*** Recorded information ***

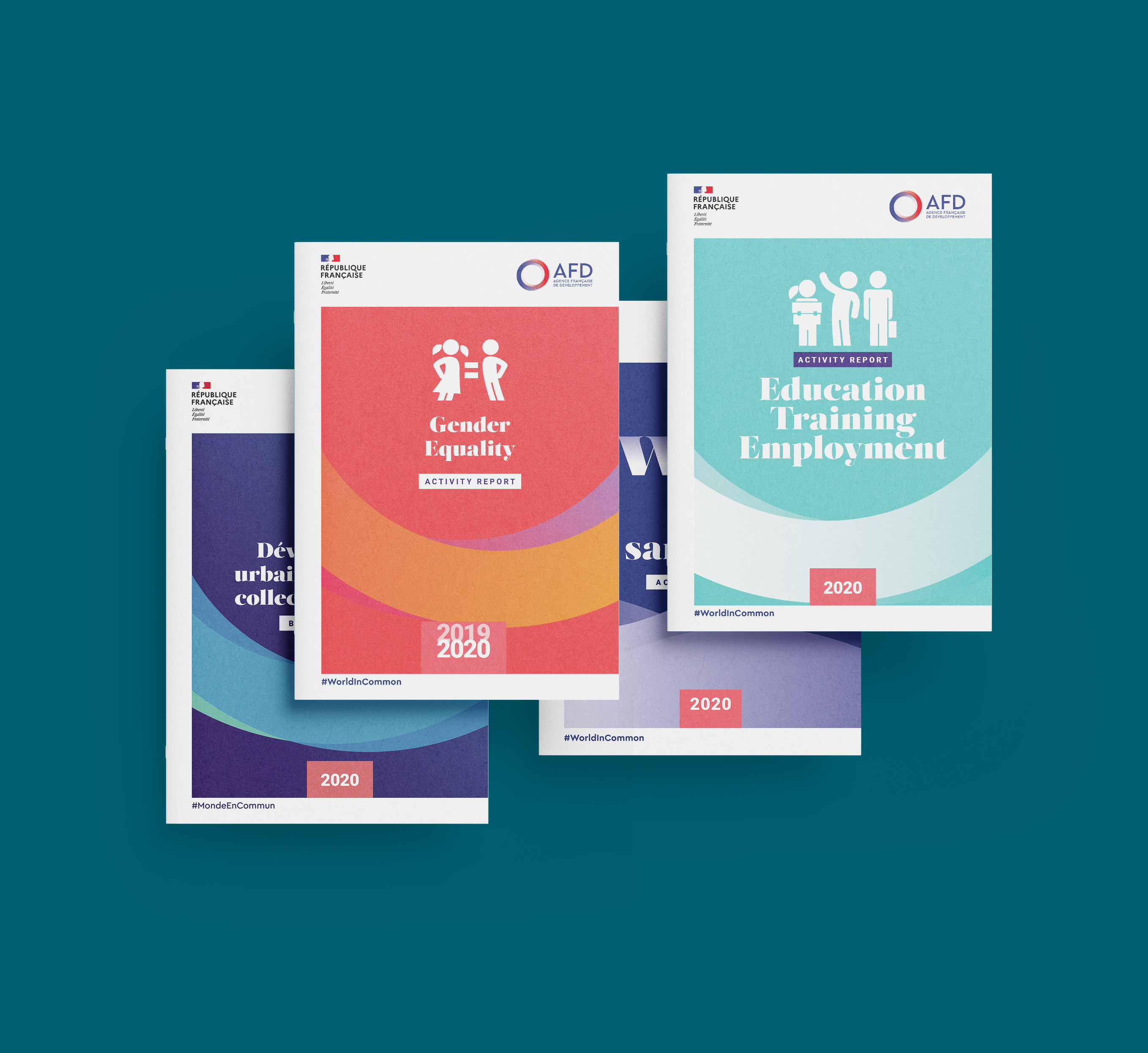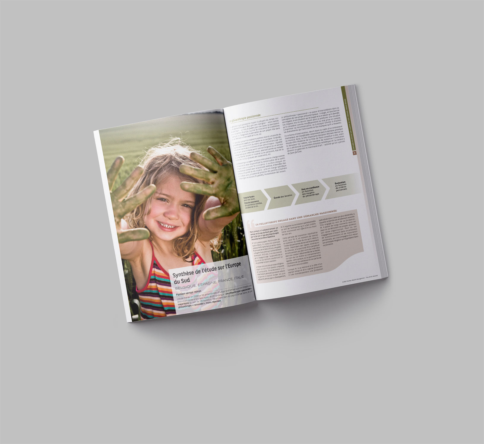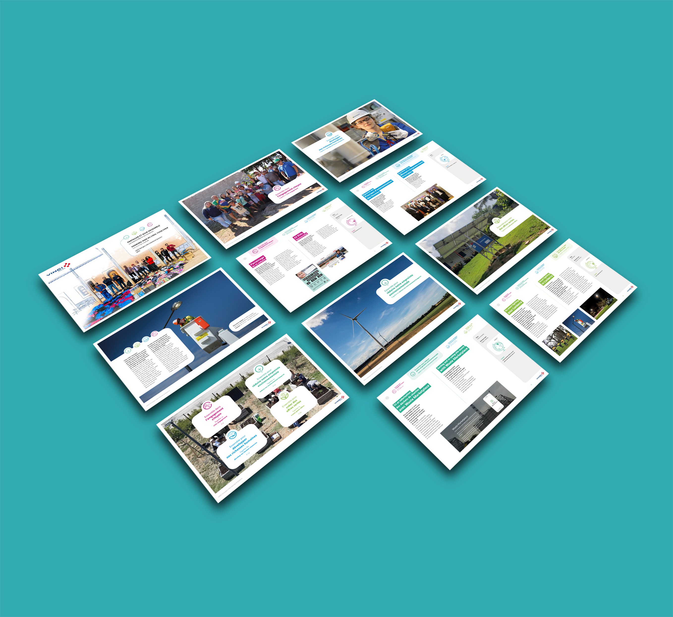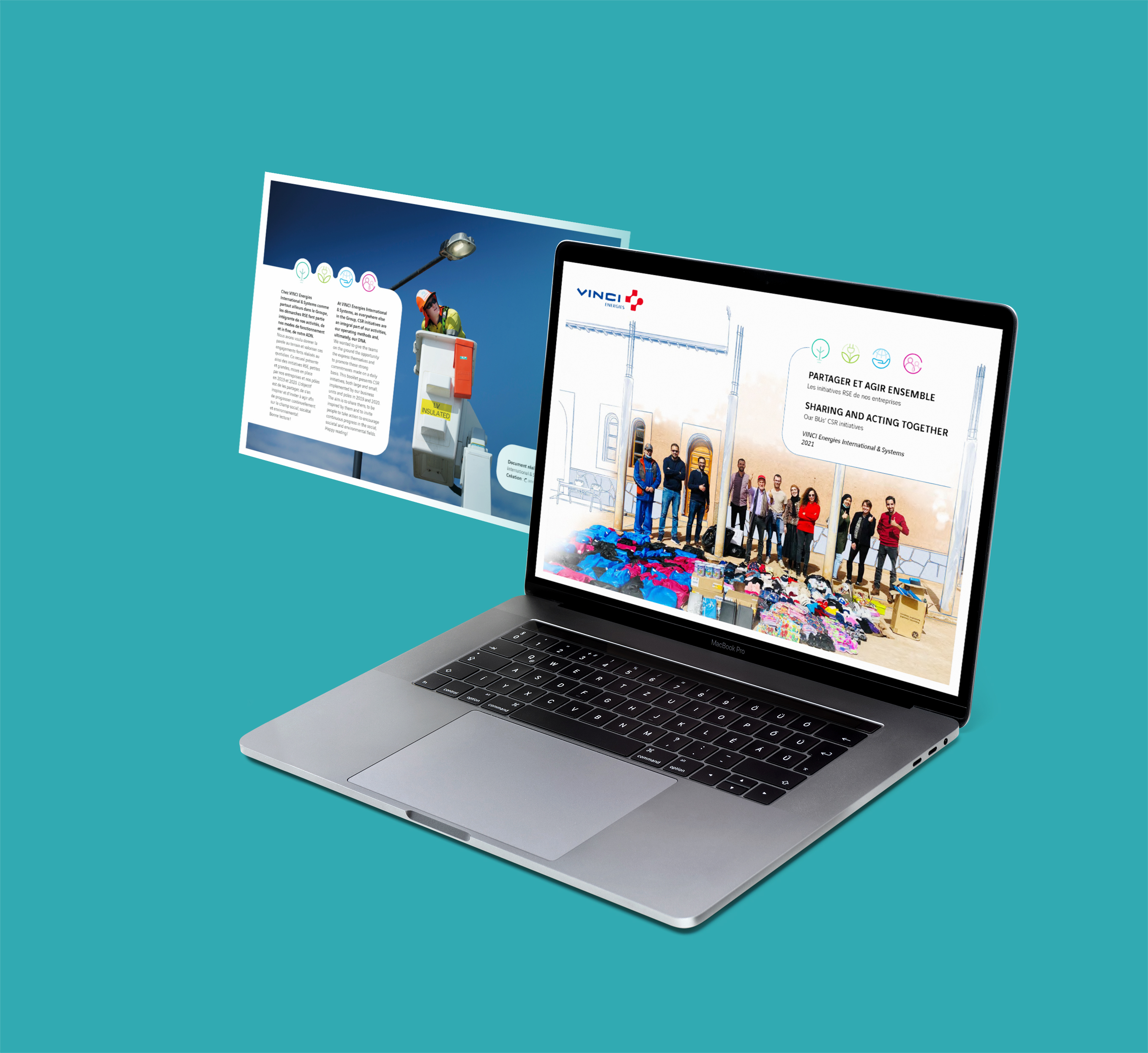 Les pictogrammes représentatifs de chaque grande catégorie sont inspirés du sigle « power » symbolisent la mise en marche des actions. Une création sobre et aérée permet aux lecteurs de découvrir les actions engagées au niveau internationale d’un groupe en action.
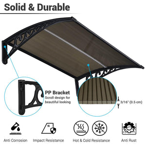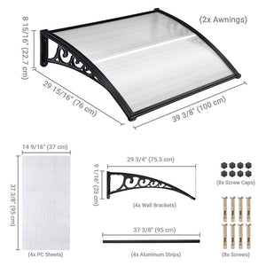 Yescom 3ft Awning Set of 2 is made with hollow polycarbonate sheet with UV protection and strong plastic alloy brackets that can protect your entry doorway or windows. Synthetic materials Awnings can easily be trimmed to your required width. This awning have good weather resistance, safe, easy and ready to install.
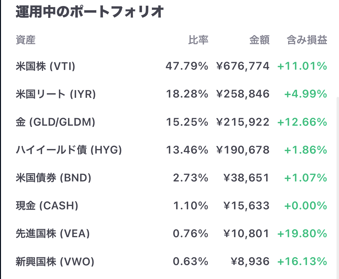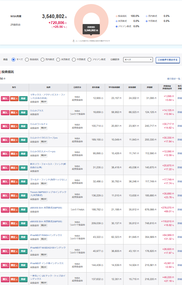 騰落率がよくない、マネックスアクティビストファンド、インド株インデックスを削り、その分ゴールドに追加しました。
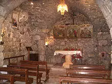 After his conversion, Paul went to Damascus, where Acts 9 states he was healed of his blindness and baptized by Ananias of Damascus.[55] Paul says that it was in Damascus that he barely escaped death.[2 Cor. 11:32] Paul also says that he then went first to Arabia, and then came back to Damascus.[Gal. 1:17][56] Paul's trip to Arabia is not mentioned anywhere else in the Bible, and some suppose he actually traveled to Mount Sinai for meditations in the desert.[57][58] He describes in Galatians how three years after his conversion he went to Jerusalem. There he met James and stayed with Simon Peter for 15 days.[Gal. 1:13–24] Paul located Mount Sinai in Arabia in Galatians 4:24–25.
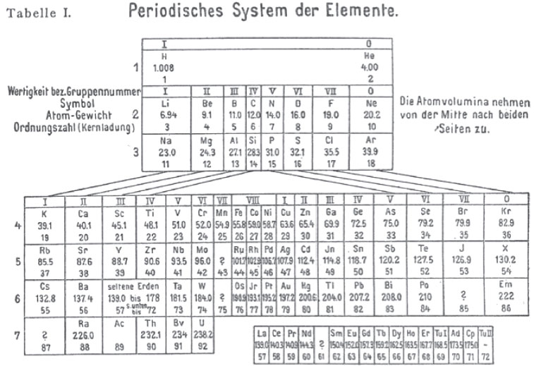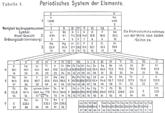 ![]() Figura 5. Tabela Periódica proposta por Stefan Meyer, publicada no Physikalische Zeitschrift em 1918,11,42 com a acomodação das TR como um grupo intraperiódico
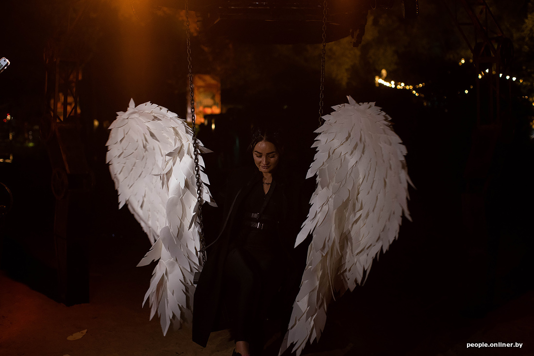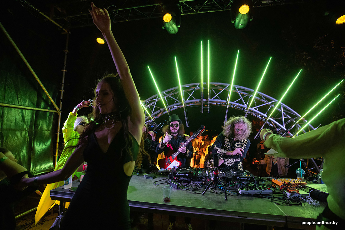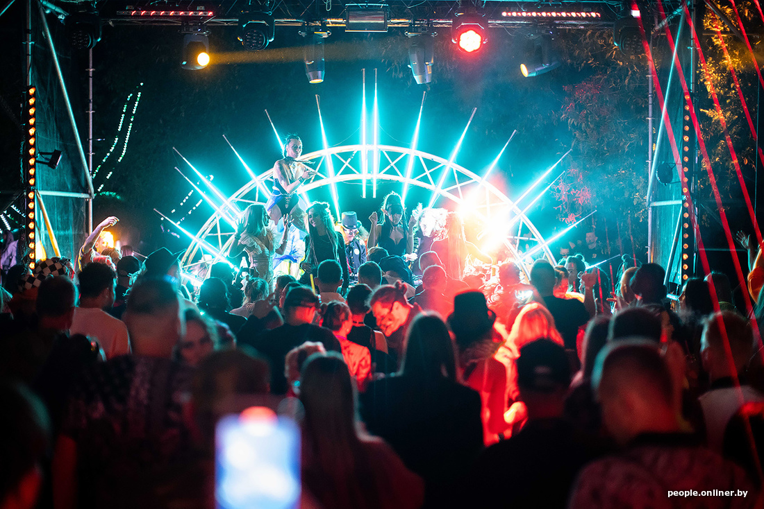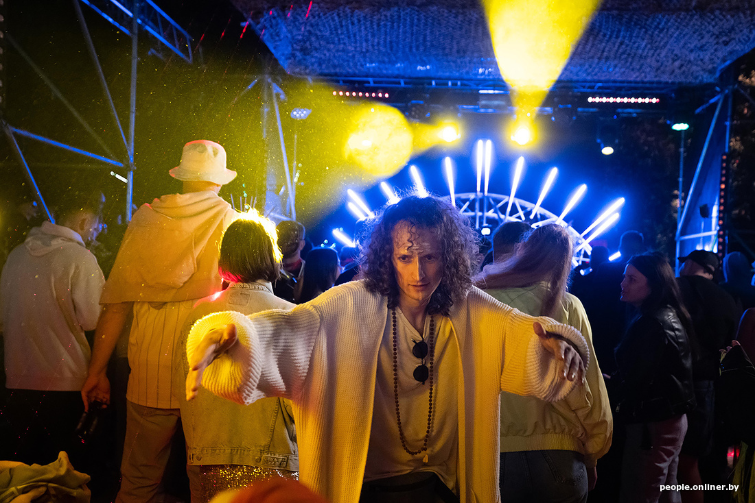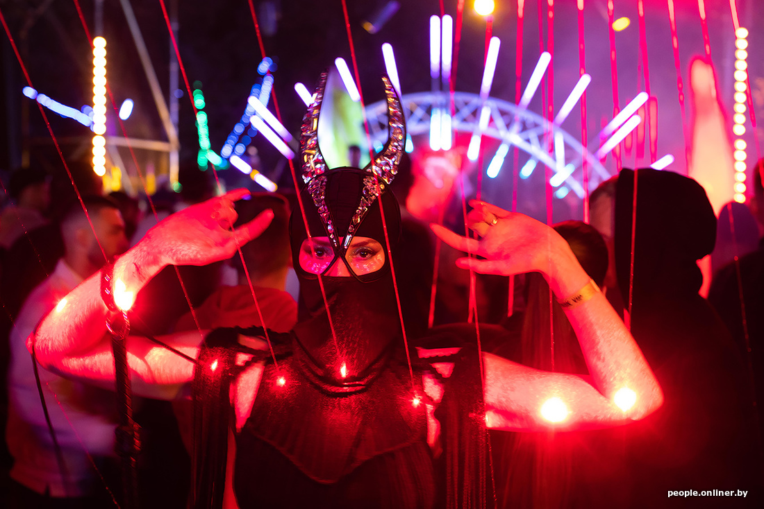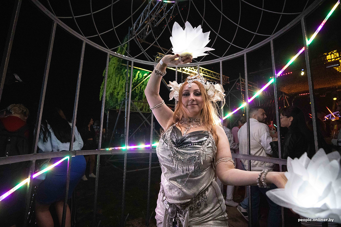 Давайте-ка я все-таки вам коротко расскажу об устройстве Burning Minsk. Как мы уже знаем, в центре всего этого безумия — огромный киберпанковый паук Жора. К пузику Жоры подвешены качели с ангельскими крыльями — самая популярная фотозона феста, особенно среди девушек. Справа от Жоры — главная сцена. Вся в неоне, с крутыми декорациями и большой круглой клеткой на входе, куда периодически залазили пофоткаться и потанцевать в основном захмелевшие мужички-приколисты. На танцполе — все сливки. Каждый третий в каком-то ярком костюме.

*** End of Recorded information ***

Your assignment: The entries should be reproduced word for word, pictures omitted.

Answer to this task:
 Les pictogrammes représentatifs de chaque grande catégorie sont inspirés du sigle « power » symbolisent la mise en marche des actions. Une création sobre et aérée permet aux lecteurs de découvrir les actions engagées au niveau internationale d’un groupe en action.
 Yescom 3ft Awning Set of 2 is made with hollow polycarbonate sheet with UV protection and strong plastic alloy brackets that can protect your entry doorway or windows. Synthetic materials Awnings can easily be trimmed to your required width. This awning have good weather resistance, safe, easy and ready to install.
 騰落率がよくない、マネックスアクティビストファンド、インド株インデックスを削り、その分ゴールドに追加しました。
 After his conversion, Paul went to Damascus, where Acts 9 states he was healed of his blindness and baptized by Ananias of Damascus.[55] Paul says that it was in Damascus that he barely escaped death.[2 Cor. 11:32] Paul also says that he then went first to Arabia, and then came back to Damascus.[Gal. 1:17][56] Paul's trip to Arabia is not mentioned anywhere else in the Bible, and some suppose he actually traveled to Mount Sinai for meditations in the desert.[57][58] He describes in Galatians how three years after his conversion he went to Jerusalem. There he met James and stayed with Simon Peter for 15 days.[Gal. 1:13–24] Paul located Mount Sinai in Arabia in Galatians 4:24–25.
 ![]() Figura 5. Tabela Periódica proposta por Stefan Meyer, publicada no Physikalische Zeitschrift em 1918,11,42 com a acomodação das TR como um grupo intraperiódico
 Давайте-ка я все-таки вам коротко расскажу об устройстве Burning Minsk. Как мы уже знаем, в центре всего этого безумия — огромный киберпанковый паук Жора. К пузику Жоры подвешены качели с ангельскими крыльями — самая популярная фотозона феста, особенно среди девушек. Справа от Жоры — главная сцена. Вся в неоне, с крутыми декорациями и большой круглой клеткой на входе, куда периодически залазили пофоткаться и потанцевать в основном захмелевшие мужички-приколисты. На танцполе — все сливки. Каждый третий в каком-то ярком костюме.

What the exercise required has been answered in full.